▶ REQUIREMENT
Start the copy at the line containing "1964年，潘梓年（左一）、金岳霖（右一）与日本学者合影" and run it through the last line of the records. Repeat each line exactly; omit pictures.

··· RECORDED DATA

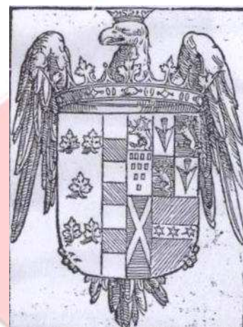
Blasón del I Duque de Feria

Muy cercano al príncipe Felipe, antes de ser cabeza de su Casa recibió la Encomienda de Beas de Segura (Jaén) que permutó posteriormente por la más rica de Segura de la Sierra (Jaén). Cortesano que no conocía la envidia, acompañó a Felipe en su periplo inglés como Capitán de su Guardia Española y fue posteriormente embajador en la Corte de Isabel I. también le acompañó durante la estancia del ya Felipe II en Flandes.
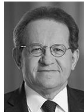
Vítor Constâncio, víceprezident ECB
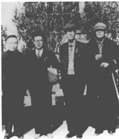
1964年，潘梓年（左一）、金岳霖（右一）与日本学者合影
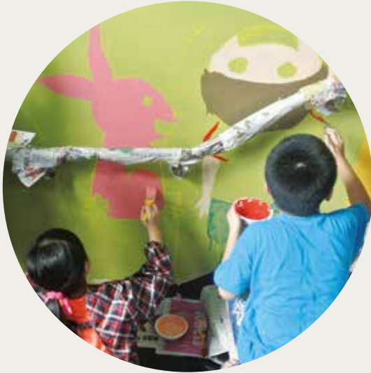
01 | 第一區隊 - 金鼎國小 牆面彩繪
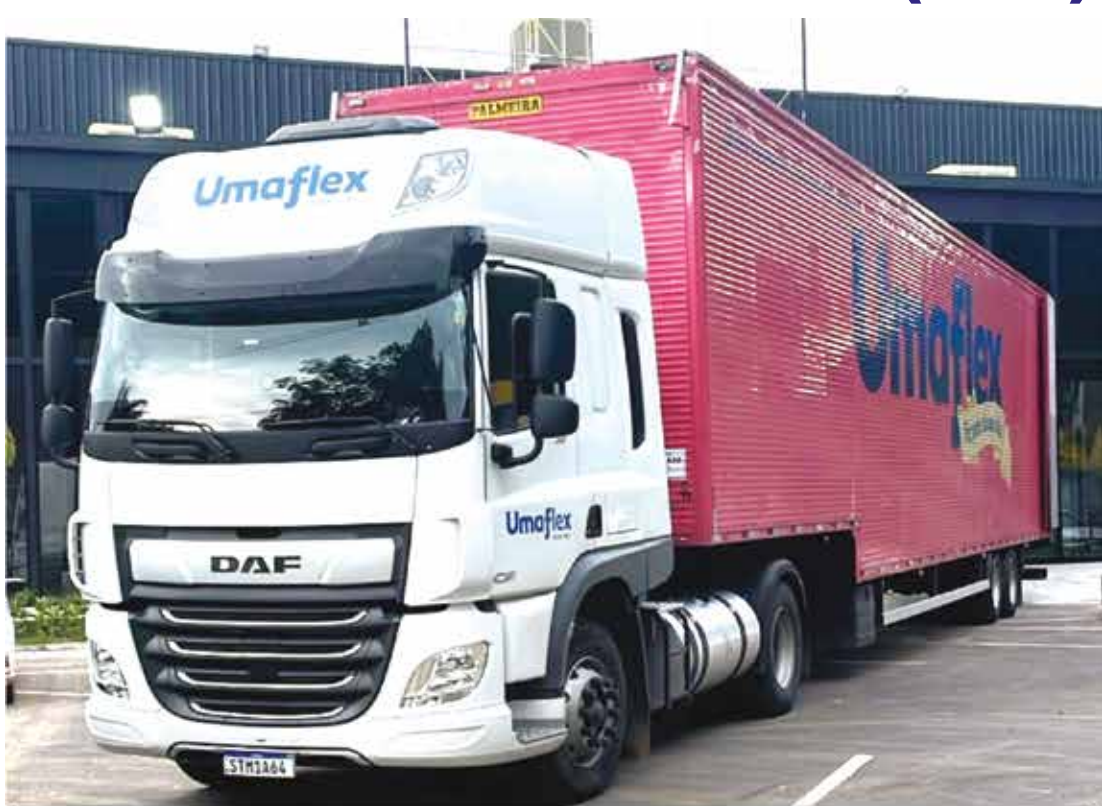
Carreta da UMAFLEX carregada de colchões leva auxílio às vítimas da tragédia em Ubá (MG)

······

▶ ANSWER TO THE PROBLEM
1964年，潘梓年（左一）、金岳霖（右一）与日本学者合影
01 | 第一區隊 - 金鼎國小 牆面彩繪
Carreta da UMAFLEX carregada de colchões leva auxílio às vítimas da tragédia em Ubá (MG)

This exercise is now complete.